I'm currently writing an application in Python that stores its data in a SQLite database. I want the database file to be stored encrypted on disk, and I found the most common solution for doing this to be SQLCipher. I added sqlcipher3 to my project to provide the DB-API, and got started. With SQLCipher, the database encryption key is provided in the form of a PRAGMA statement which must be provided before the first operation on the database is executed.
PRAGMA key='hunter2'; -- like this
When my program runs, it prompts the user for the database password. My concern is that since this is a source of user input, it's potentially vulnerable to SQL injection. For example, a naive way to provide the key might look something like this:
from getpass import getpass
import sqlcipher3
con = sqlcipher3.connect(':memory:')
cur = con.cursor()
password = getpass('Password: ')
cur.execute(f"PRAGMA key='{password}';")
### do stuff with the unencrypted database here
If someone was to enter something like "hunter2'; DROP TABLE secrets;--" into the password prompt, the resulting SQL statement would look like this after substitution:
PRAGMA key='hunter2'; DROP TABLE secrets;--';
Typically, the solution to this problem is to use the DB-API's parameter substitution. From the sqlite3 documentation:
An SQL statement may use one of two kinds of placeholders: question marks (qmark style) or named placeholders (named style). For the qmark style, parameters must be a sequence whose length must match the number of placeholders, or a
ProgrammingErroris raised. For the named style, parameters must be an instance of adict(or a subclass), which must contain keys for all named parameters; any extra items are ignored. Here’s an example of both styles:con = sqlite3.connect(":memory:") cur = con.execute("CREATE TABLE lang(name, first_appeared)") # This is the named style used with executemany(): data = ( {"name": "C", "year": 1972}, {"name": "Fortran", "year": 1957}, {"name": "Python", "year": 1991}, {"name": "Go", "year": 2009}, ) cur.executemany("INSERT INTO lang VALUES(:name, :year)", data) # This is the qmark style used in a SELECT query: params = (1972,) cur.execute("SELECT * FROM lang WHERE first_appeared = ?", params) print(cur.fetchall())
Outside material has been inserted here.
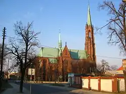 - ↑ Po pożarze kościoła w 1777 roku ówczesną ponad 100-metrową wieżę rozebrano i dopiero w 1907 zbudowano nową, istniejącą do dzisiaj. Jest to najwyższy kościół po prawej stronie Wisły.

This works as expected in the sample code from the docs, but when using placeholders in a PRAGMA statement, we get an OperationalError telling us there's a syntax error. This is the case for both types of parameter substitution.
# these will both fail
cur.execute('PRAGMA key=?;', (password,))
cur.execute('PRAGMA key=:pass;', {'pass': password})
I'm not sure where to go from here. If we actually enter our malicious string at the password prompt, it won't work, producing the following error:
Traceback (most recent call last): File "<stdin>", line 1, in <module> sqlcipher3.ProgrammingError: You can only execute one statement at a time.
So is the "naive" code from earlier safe? I'm not confident saying the answer is "yes" just because the one malicious string I could come up with didn't work, but there doesn't seem to be a better way of doing this. The answers to the only other person on here asking this question that I could find suggested equivalent solutions (python + sqlite insert variable into PRAGMA statement). I'd also rather not use an ORM, especially if it's just for this one case. Any suggestions would be appreciated, thanks.
According to the accepted answer to “Python sqlite3 string variable in execute”, there are limitations on where DB-API substitutions can be used:
Parameter markers can be used only for expressions, i.e., values. You cannot use them for identifiers like table and column names.
Seeing this, I figured that arguments to PRAGMA must fall into the same category as “table and column names”. In fact, my specific use case was PRAGMA table_info, where the argument is a table name.
On digging into it further, I found that Python’s sqlite3 module relies on SQLite’s own sqlite3_bind_* functions to do parameter substitutions. For example, here is the code for substituting string values. And I found further confirmation that substitution won’t work for PRAGMA arguments.
“But wait,” I thought. “Sam’s argument is a key, not a table name.” Without digging even deeper, I can only conjecture that it doesn’t matter, and SQLite (or SQLCipher) just doesn’t allow binding values to PRAGMA statements.
Maybe you can supply the key via SQLCipher’s C API instead of through SQL? It doesn’t fix my use case, but it might help with yours!
For me, and for anyone else trying to programmatically provide a table name to PRAGMA table_info, I guess the official solution is to double- and triple-check that the variable cannot possibly contain user input, validate and escape it anyway just in case, cross fingers, toes, knees and nose, and do a string substitution! What could possibly go wrong…